In disposing of this motion it becomes incumbent upon us to examine again In re Allen, supra, as it relates to procedures to be followed after a notice of appeal has been filed in the Patent Office. As is generally known, Allen stands for the proposition that once the notice has been filed jurisdiction of the cause is transferred to the court and there is nothing left for the Commissioner to do other than to certify the record and transmit it to the court.
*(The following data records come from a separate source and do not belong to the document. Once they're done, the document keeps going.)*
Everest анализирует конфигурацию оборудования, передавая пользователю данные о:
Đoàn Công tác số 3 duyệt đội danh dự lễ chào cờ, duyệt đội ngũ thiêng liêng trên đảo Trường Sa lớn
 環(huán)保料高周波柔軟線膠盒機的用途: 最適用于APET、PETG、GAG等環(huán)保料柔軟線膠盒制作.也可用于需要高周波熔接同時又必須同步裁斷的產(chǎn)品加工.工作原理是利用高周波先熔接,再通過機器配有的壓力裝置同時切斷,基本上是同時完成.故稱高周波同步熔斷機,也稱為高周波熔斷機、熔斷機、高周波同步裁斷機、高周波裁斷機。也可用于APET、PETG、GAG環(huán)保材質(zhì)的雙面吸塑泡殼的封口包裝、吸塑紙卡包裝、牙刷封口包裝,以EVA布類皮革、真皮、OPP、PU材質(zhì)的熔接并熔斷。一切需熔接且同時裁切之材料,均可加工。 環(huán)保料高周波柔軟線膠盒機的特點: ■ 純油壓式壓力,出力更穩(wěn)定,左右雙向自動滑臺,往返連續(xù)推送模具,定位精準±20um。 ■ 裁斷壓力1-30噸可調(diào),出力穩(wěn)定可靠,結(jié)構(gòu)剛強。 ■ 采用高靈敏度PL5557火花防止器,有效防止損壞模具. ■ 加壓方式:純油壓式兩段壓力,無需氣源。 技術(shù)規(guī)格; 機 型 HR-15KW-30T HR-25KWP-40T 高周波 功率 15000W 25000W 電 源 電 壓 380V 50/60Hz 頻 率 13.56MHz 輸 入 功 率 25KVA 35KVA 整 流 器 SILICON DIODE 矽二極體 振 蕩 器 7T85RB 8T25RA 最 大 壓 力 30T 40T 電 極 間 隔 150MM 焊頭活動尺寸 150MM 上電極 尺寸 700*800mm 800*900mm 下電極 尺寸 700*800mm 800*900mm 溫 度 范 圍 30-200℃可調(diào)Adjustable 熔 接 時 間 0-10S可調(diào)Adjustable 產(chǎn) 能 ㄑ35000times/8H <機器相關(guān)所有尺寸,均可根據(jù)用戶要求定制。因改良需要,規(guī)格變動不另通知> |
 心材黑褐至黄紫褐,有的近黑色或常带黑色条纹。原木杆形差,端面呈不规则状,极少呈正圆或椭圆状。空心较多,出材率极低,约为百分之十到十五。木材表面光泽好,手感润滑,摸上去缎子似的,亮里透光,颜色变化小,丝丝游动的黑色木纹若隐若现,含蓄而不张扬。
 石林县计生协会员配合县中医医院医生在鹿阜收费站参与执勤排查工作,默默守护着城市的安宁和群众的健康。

However, In re Grier, 342 F.2d 120, 52 CCPA 1081 (1965), as applicable to ex parte appeals, decided that even though a notice of appeal had been filed, the Board of Appeals could exercise a purely ministerial function in its administrative capacity by correcting an error of omission.

In addition to the practice in this court, consideration must also be given to the procedures followed throughout the federal courts where mistakes or newly discovered evidence are involved. The Federal Rules of Civil Procedure have been given liberal interpretation to the end that where there is a proper case for relief leave "shall be freely given when justice so requires". Foman v. Davis, 371 U.S. 178, 83 S.Ct. 227, 9 L.Ed. 2d 222 (1962).
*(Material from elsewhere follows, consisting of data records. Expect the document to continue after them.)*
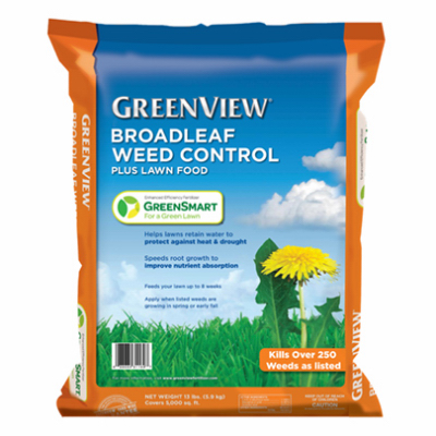 GreenView® 13 lb. Weed and Feed. It covers 5,000 sq. ft. This granular lawn care product kills over 250 weeds as listed on the label. It has time released nitrogen for extended feeding for up to 8 weeks, promoting quick green up without burning the lawn. It restores nutrients to the soil and helps the lawn retain water to protect against heat and drought. Do not use on St. Augustine grass in Florida, or on Dichondra and Carpetgrass as serious lawn injury will result. For use on established bahiagrass, bermudagrass, buffalograss, centipedegrass, fine fescues, Kentucky bluegrass, perennial ryegrass, tall fescues, and zoysiagrass.
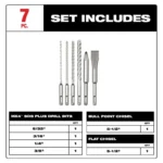 The MILWAUKEE MX4 4-Cutter SDS PLUS Drill Bits with solid head carbide deliver up to 5x longer life in concrete with rebar. Engineered with rebar guards to provide maximum durability in hard aggregate and rebar. The MX4 4-Cutter Bits are designed with sharp centering tips for exact spot drilling in concrete and metal decking. The 4-cutter design prevents lock-up in rebar, reducing downtime. Variable flutes remove dust faster, reducing heat and delivering up to 20% more holes per battery charge. The wear mark indicator on each drill bit shows you when the bit no longer meets the ANSI requirement. The MX4 4-Cutter Drill Bits are ideal for concrete with rebar and masonry applications. MILWAUKEE SDS Plus Chisels are made from high-grade, forged steel, providing up to 20% longer life. This kit includes (1) 5/32″, (1) 3/16″, (1) 1/4″, (1) 3/8″ MX4 4-Cutter SDS PLUS Rotary Hammer Drill Bits and (1) 5-1/2″ Flat, (1) 5-1/2″ Bull Point SDS Plus Chisels. Packaged in a medium, double-sided hard case designed for use in the MILWAUKEE PACKOUT™ Storage System.
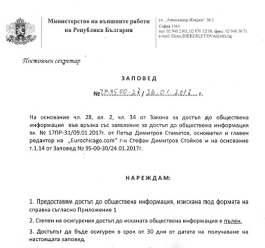 От Министерството на външните работи отговориха на искане по Закона за достъп до обществена информация, изпратено от Петър Стаматов, основател и главен редактор на EuroChicago.com, и Стефан Стойков, граждански активист.
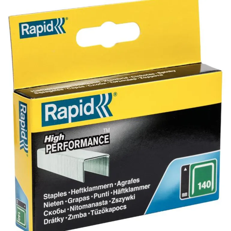 Leveitä niittejä (10 mm) ruostumattomasta teräksestä. Yhteensopivuus: Rapid R44, R64, R34, MS840, Alu 740, R211, R11, R54, E-TAC, CSN140 ja ESN114.
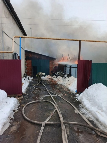 Открытым пламенем горели деревянные дом и сарай, а также кирпичный гараж. На тушение было подано три ствола.
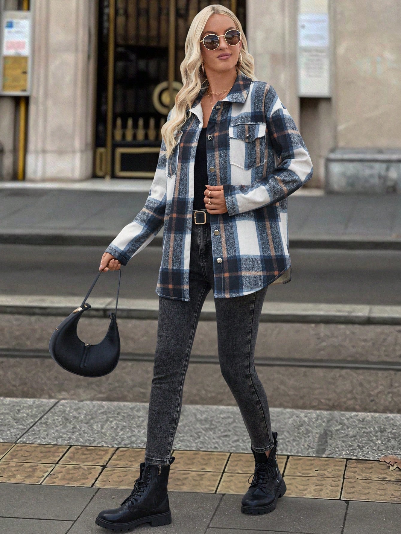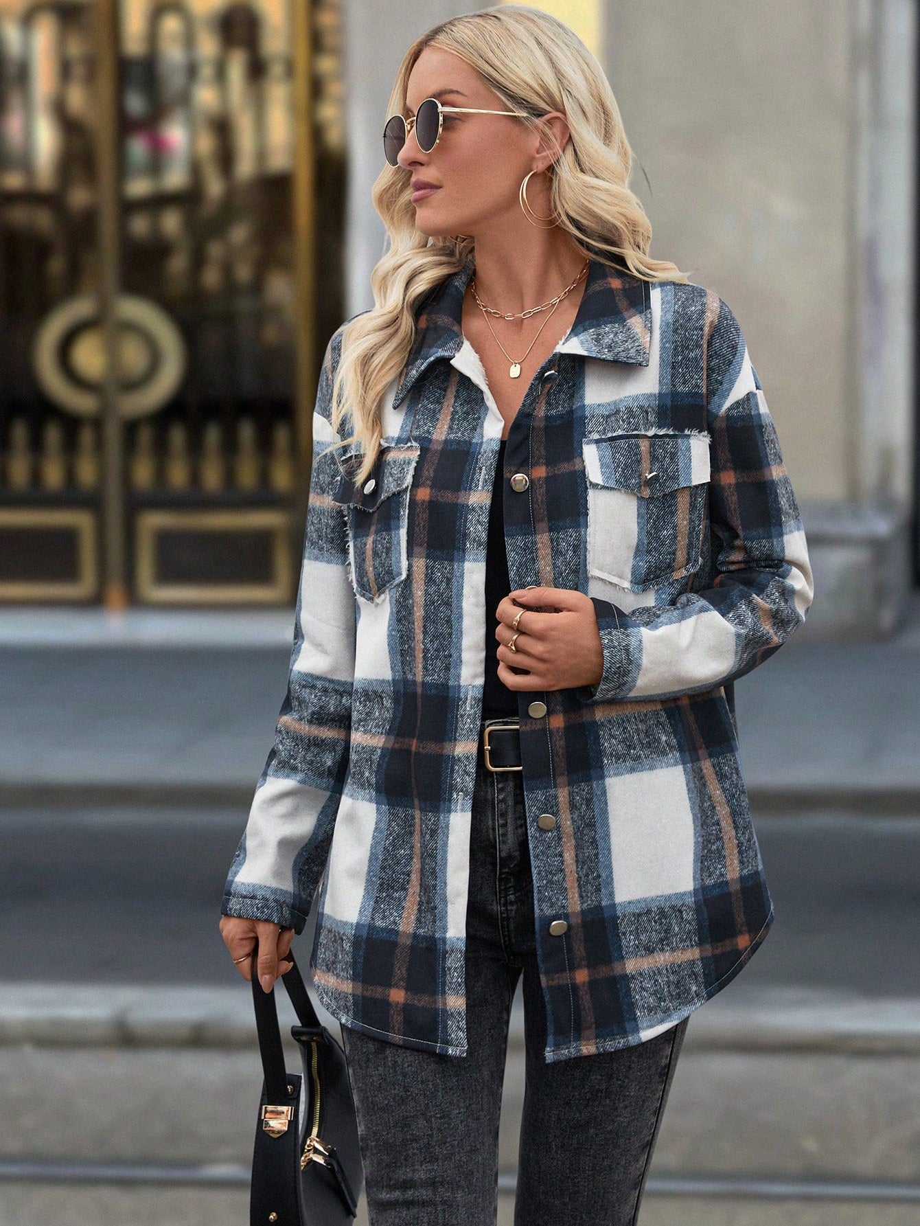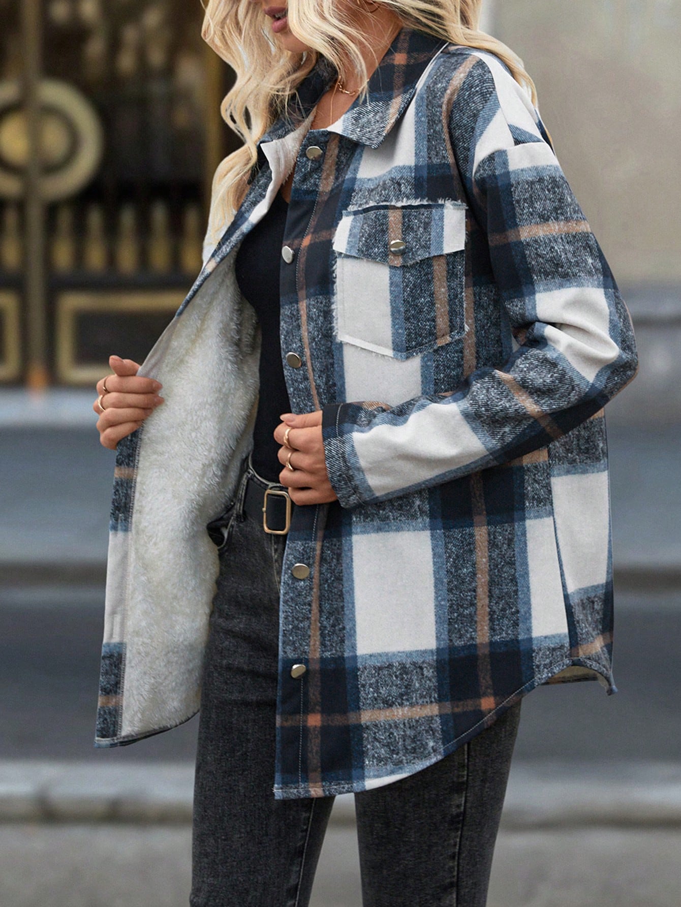 LUNE Women Plaid Long Sleeve Thermal Lined Oversized Casual Jacket For Autumn/Winter

Recognizing that jurisdiction in the strictest judicial sense does attach to this court when the notice of appeal is filed, we nevertheless feel it important to set forth certain guidelines which we hope will be of some help to litigants in the Patent Office and this court. We reaffirm the position taken by this court in Grier that the Patent Office Boards can exercise a purely ministerial function in their administrative capacity. It is also clear from the court's own rules that the Commissioner of Patents can dismiss an appeal without any action being taken by the court. Rule 25(1) provides that where a notice of appeal is filed in the Patent Office and no further action is taken to prosecute the appeal in this court, the Commissioner upon such facts being brought to his attention by motion of the appellee in inter partes cases, and upon his own motion in ex parte appeals, may take such further action as may be necessary to dispose of the case as though no notice of appeal had ever been given. We further recognize that Rule 73 of the Rules of Civil Procedure could be applicable to proceedings in this court and is completely consistent with our own rules. This Rule provides specifically that where an appeal has not been docketed the parties with the approval of the lower court may dismiss the appeal by stipulation filed in that court or the court itself may dismiss the appeal upon motion and notice by the appellant. To the extent that the Allen decision is inconsistent with the above, it is hereby expressly overruled.

Having carefully considered the motion before us we hereby remand this appeal to the Board of Patent Interferences for that board to consider the motion pending before it, which it refused to consider because we had jurisdiction of the case, and to take whatever further action it may deem advisable.


WORLEY, Chief Judge, did not participate.